INSTRUCTIONS TO FOLLOW: I would like every record reproduced exactly, with the pictures left out.

RECORD EXTRACTS:
--- START ---

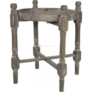 Dit sfeervolle ronde bijzettafeltje heeft een bijzondere look. Met behulp van het bijzettafeltje verandert u een saaie hoek in een mum van tijd in een interessante hoek met verschillende groene planten of andere decoratie artikelen. Het donkere hout is afgewerkt met een whitewash wat het tafeltje doet leven. Heeft u klassiekere meubelen, dan past dit bijzettafeltje hier zeker tussen.
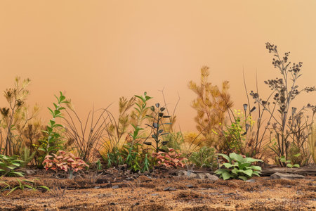 Environmental pollution, germination of grass after a fire, restoration of nature, natural selection.
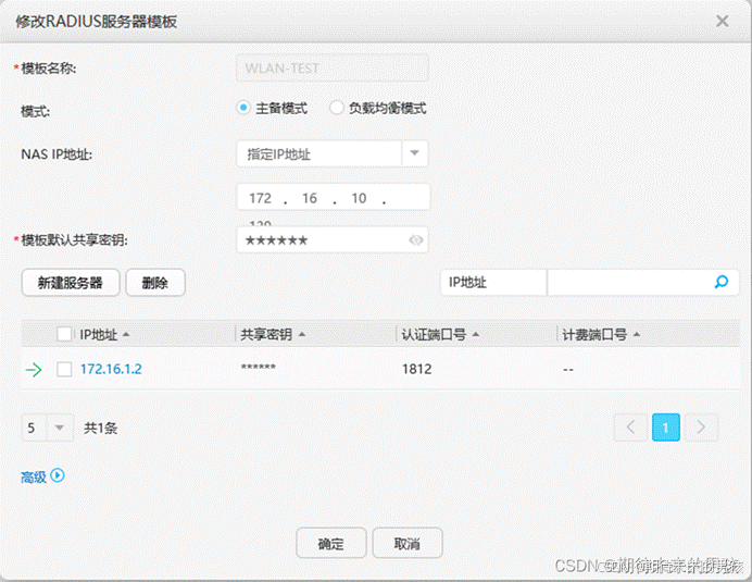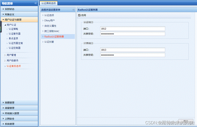 如下图,点击【用户认证管理-认证高级选项-Radius服务器】,填写radius端口和对应的密钥 (对应着华为的radius配置)
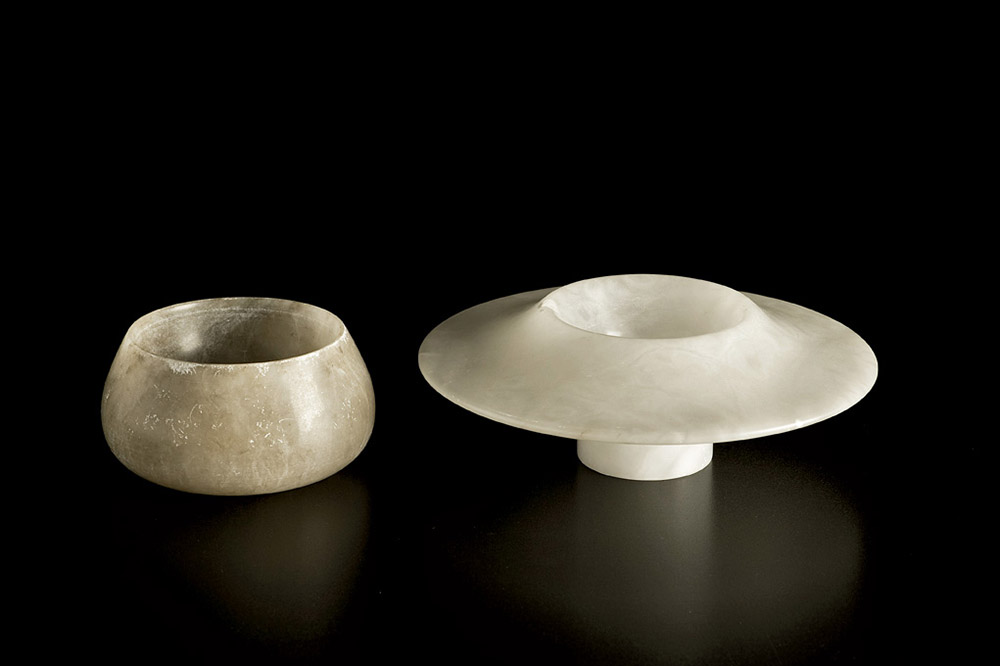 PICCOLO VASO E CENTROTAVOLA IN ALABASTRO, TORNITO E DISEGNATI PER LA SOCIETÀ COOPERATIVA ARTIERI DI VOLTERRA 1981. altezza vaso cm 6 e diametro centrotavola cm 20,5.
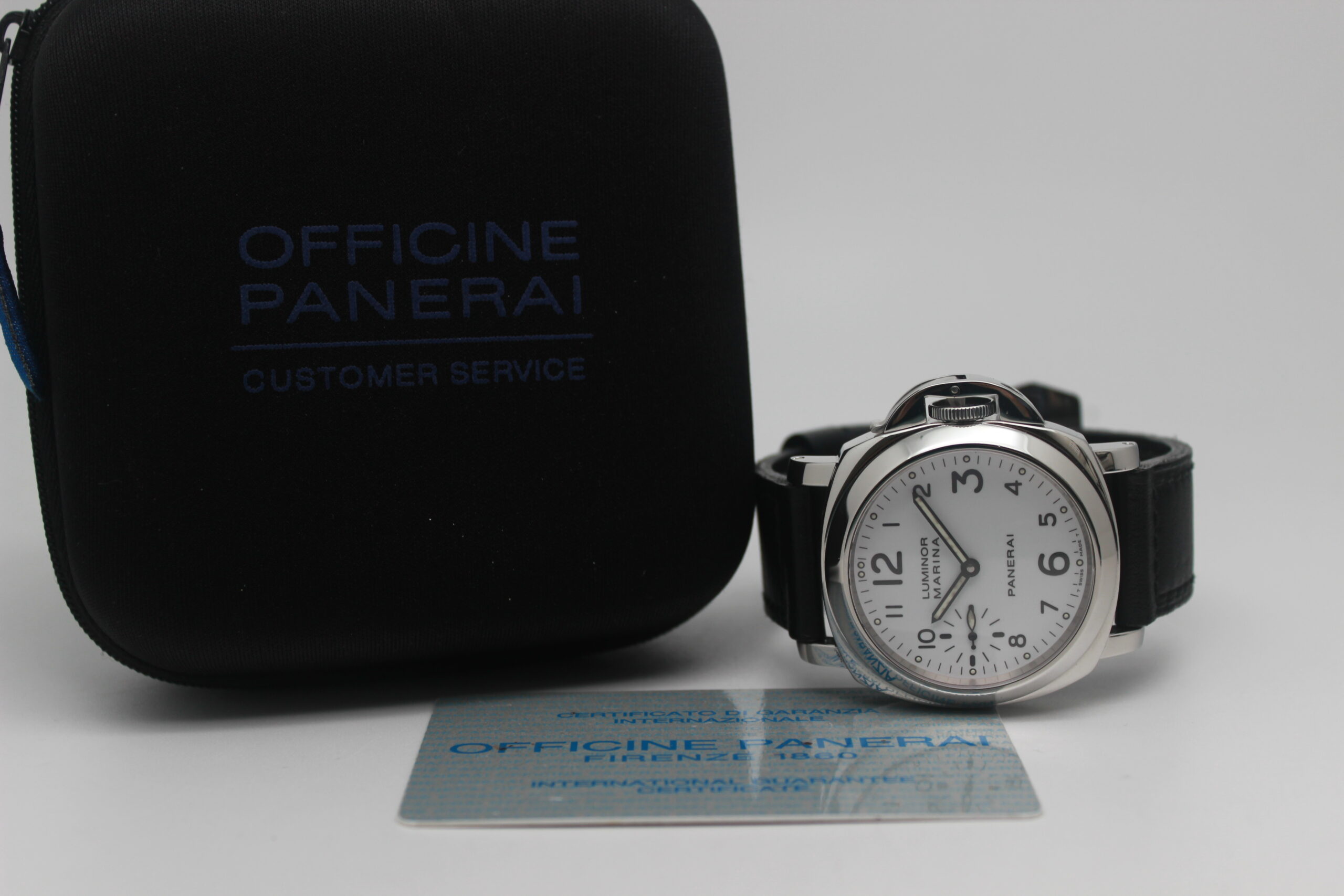 Panerai Luminor Marina OP6502 “Pre-A Series”, cassa in acciaio da 44mm, quadrante bianco, lunetta in acciaio, cinturino nero in pelle con chiusura ad ardiglione in acciaio.
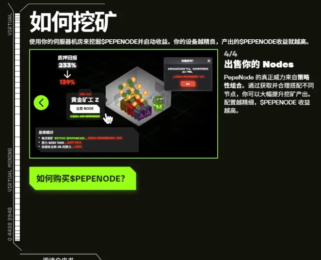 你的每一步操作(例如購買節點、升級設施)都要用 PEPENODE 來支付,而且每一個選擇都會帶來後果:如果你把錯誤的節點組合在一起,你的礦機就會變得不穩定、開始變慢;如果你搭配對了節點,你的算力裝置就會突然高效運轉,像一個運轉良好的礦場一樣“列印”代幣。
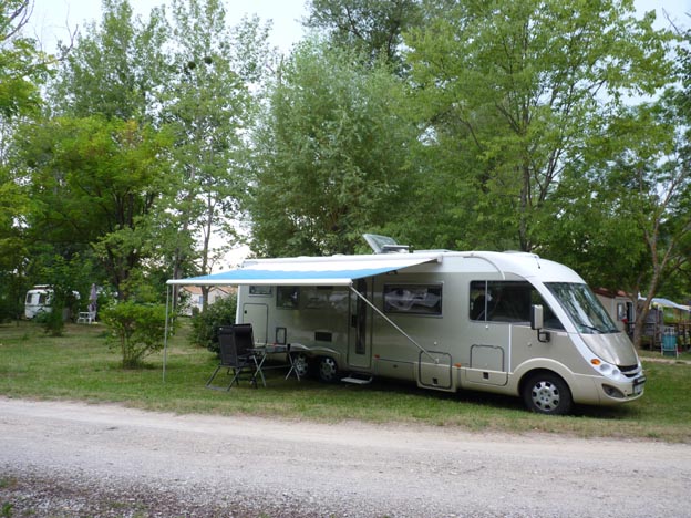 Framme vid Camping La Célestine, som finns i ACSI. Detta är en liten och enkel camping. Vill du ha lyx, ska du åka någon annan stans. För oss är den här campingen perfekt. Det enda som saknas är en liten mysig by med restaurang och uteservering i närheten.
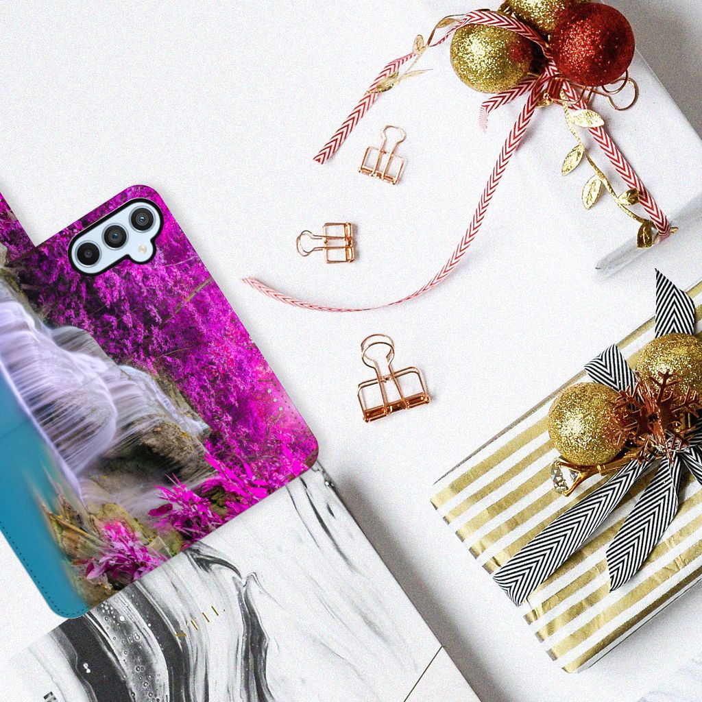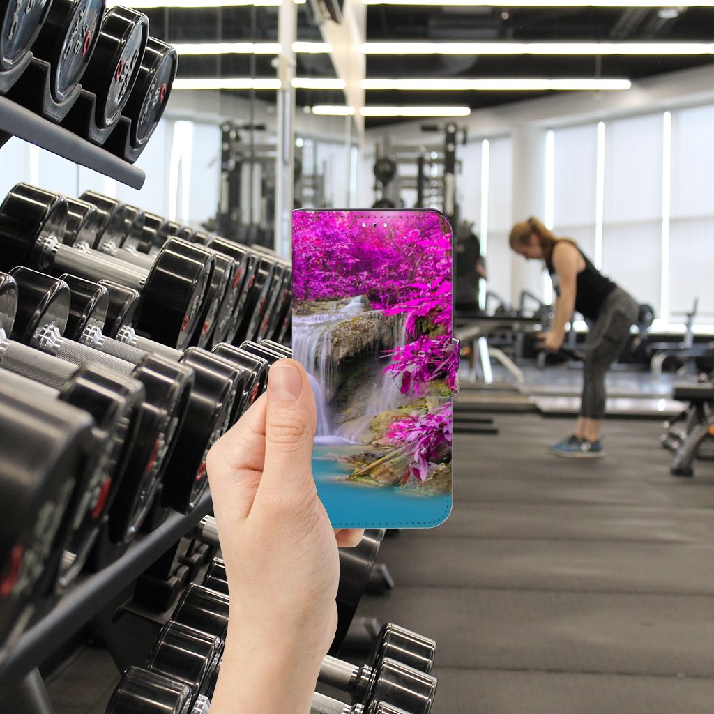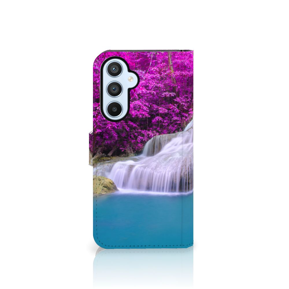 Op deze Samsung Galaxy A54 5G Flip Cover zie je een kalme waterval en de achtergrond is gevuld met paarse bomen. Samen creëert dit een prachtig en kleurrijk spektakel, iets wat je graag op je Samsung Galaxy A54 5G hoesje ziet. Wanneer je hiernaar kijkt, word je direct kalm. Als jij je even boos of verdrietig voelt, hoef je alleen maar naar jouw boekhoesje te kijken om weer blij te worden. Ook jouw telefoon zal blij zijn met deze Flip Cover aangezien deze goede bescherming biedt. Als jij je telefoon per ongeluk laat vallen, is er niets aan de hand. Het hoesje zorgt ervoor dat de telefoon intact blijft. Zelfs als hij op het beeldscherm zou vallen, is er dankzij de magnetische sluiting, niets aan de hand.

--- END ---

PROBLEM SOLUTION:
 Dit sfeervolle ronde bijzettafeltje heeft een bijzondere look. Met behulp van het bijzettafeltje verandert u een saaie hoek in een mum van tijd in een interessante hoek met verschillende groene planten of andere decoratie artikelen. Het donkere hout is afgewerkt met een whitewash wat het tafeltje doet leven. Heeft u klassiekere meubelen, dan past dit bijzettafeltje hier zeker tussen.
 Environmental pollution, germination of grass after a fire, restoration of nature, natural selection.
 如下图,点击【用户认证管理-认证高级选项-Radius服务器】,填写radius端口和对应的密钥 (对应着华为的radius配置)
 PICCOLO VASO E CENTROTAVOLA IN ALABASTRO, TORNITO E DISEGNATI PER LA SOCIETÀ COOPERATIVA ARTIERI DI VOLTERRA 1981. altezza vaso cm 6 e diametro centrotavola cm 20,5.
 Panerai Luminor Marina OP6502 “Pre-A Series”, cassa in acciaio da 44mm, quadrante bianco, lunetta in acciaio, cinturino nero in pelle con chiusura ad ardiglione in acciaio.
 你的每一步操作(例如購買節點、升級設施)都要用 PEPENODE 來支付,而且每一個選擇都會帶來後果:如果你把錯誤的節點組合在一起,你的礦機就會變得不穩定、開始變慢;如果你搭配對了節點,你的算力裝置就會突然高效運轉,像一個運轉良好的礦場一樣“列印”代幣。
 Framme vid Camping La Célestine, som finns i ACSI. Detta är en liten och enkel camping. Vill du ha lyx, ska du åka någon annan stans. För oss är den här campingen perfekt. Det enda som saknas är en liten mysig by med restaurang och uteservering i närheten.
 Op deze Samsung Galaxy A54 5G Flip Cover zie je een kalme waterval en de achtergrond is gevuld met paarse bomen. Samen creëert dit een prachtig en kleurrijk spektakel, iets wat je graag op je Samsung Galaxy A54 5G hoesje ziet. Wanneer je hiernaar kijkt, word je direct kalm. Als jij je even boos of verdrietig voelt, hoef je alleen maar naar jouw boekhoesje te kijken om weer blij te worden. Ook jouw telefoon zal blij zijn met deze Flip Cover aangezien deze goede bescherming biedt. Als jij je telefoon per ongeluk laat vallen, is er niets aan de hand. Het hoesje zorgt ervoor dat de telefoon intact blijft. Zelfs als hij op het beeldscherm zou vallen, is er dankzij de magnetische sluiting, niets aan de hand.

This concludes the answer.